What's new

USB drive failure...or something worse?

  • SNBForums Code of Conduct

    SNBForums is a community for everyone, no matter what their level of experience.

    Please be tolerant and patient of others, especially newcomers. We are all here to share and learn!

    The rules are simple: Be patient, be nice, be helpful or be gone!

if replacement is $14

This is one of the reasons they fail. They were expensive in the past. I have some >10 years old and still good. Same goes for newer SSD drives. SLC drives are expensive. MLC/TLC/QLC are cheap. Everything is made cheap today and it doesn't last. Plus more false advertising involved.
 
Indeed - and as I mentioned - these drives are so low cost (just picked up a 128GB SanDisk for 14 bucks over a BestBuy), if one fails, try to erase it, and drop it in the e-waste bin...

It's just not worth the trouble to try to recondition a thumb drive that has failed - if replacement is $14, what is your time worth?

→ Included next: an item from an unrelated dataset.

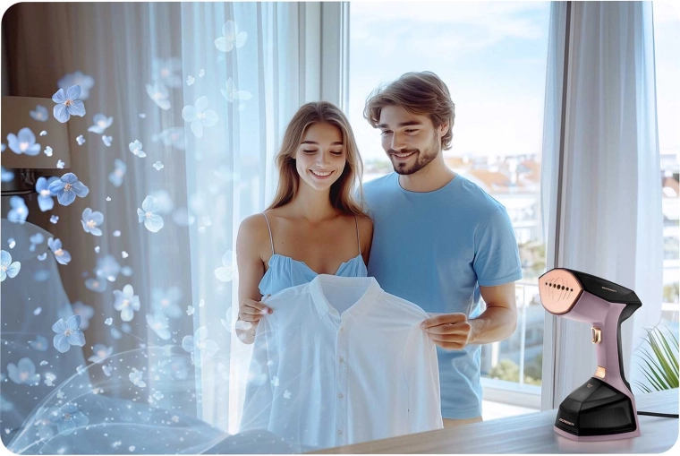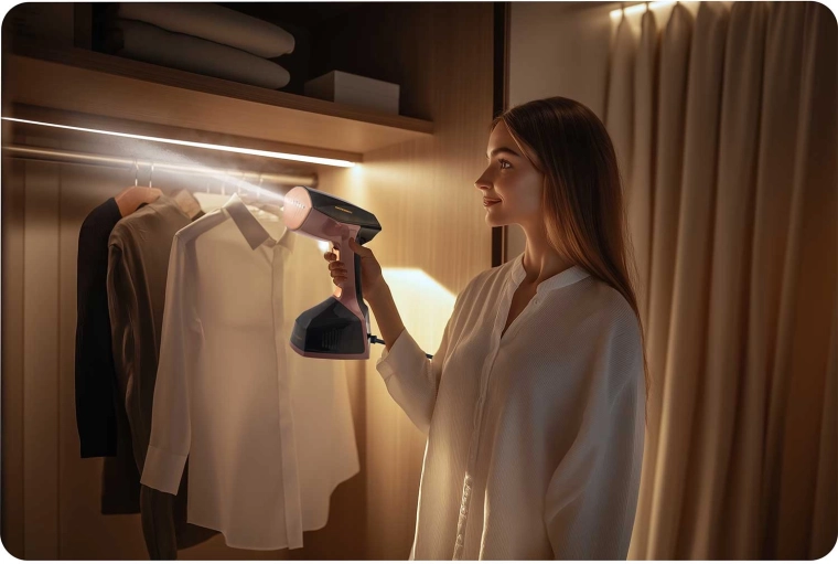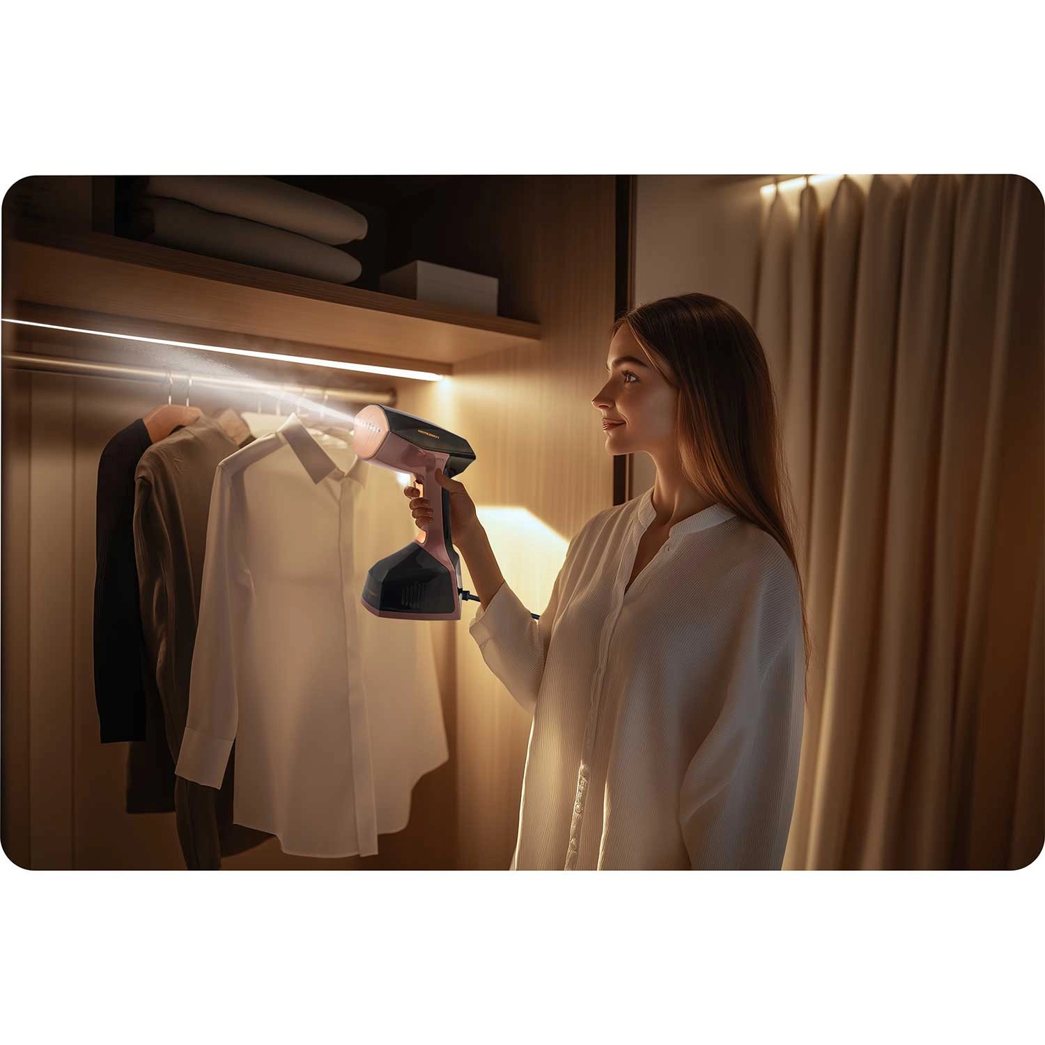 - Rafraîchissement rapide des vêtements – lisse immédiatement chemises, robes et vestes directement sur cintre.

Not to mention once they start to fail, even if you revive them, it is temporary, what is your DATA worth is the real question (maybe not a big concern here but in many cases it is).
 
Thanks, I had never been aware of this issue.

Currently I show:
Code:
size: 62133 bytes (3403 left)

I ran the command to see my largest variables:

Code:
1345 custom_clientlist
931 nc_setting_conf
761 sshd_authkeys
549 rc_support
375 wl1_chansps
362 vts_rulelist
...

It appears my model (RT-AC68) doesn't have anything in the /jffs/nvram directory, so I am unable to move those top 2 offenders off to there. Additionally it doesn't appear that any of the cleanup options is really recommended because while you can clear them after a reboot to free up NVRAM, a warning from RMerlin stated this could cause a problem if you then add too much back in and then reboot. I can probably move the vts_rulelist out of the GUI and just create IP Table rules, but for the 362 bytes it doesn't seem worth it.

In any event, while the number is a bit high, there is still enough left that it doesn't look like I am running into that issue. I still have 3.4 bytes left which is more than twice my current largest variable. But, I'm glad you brought this to my attention and will keep my eye on it.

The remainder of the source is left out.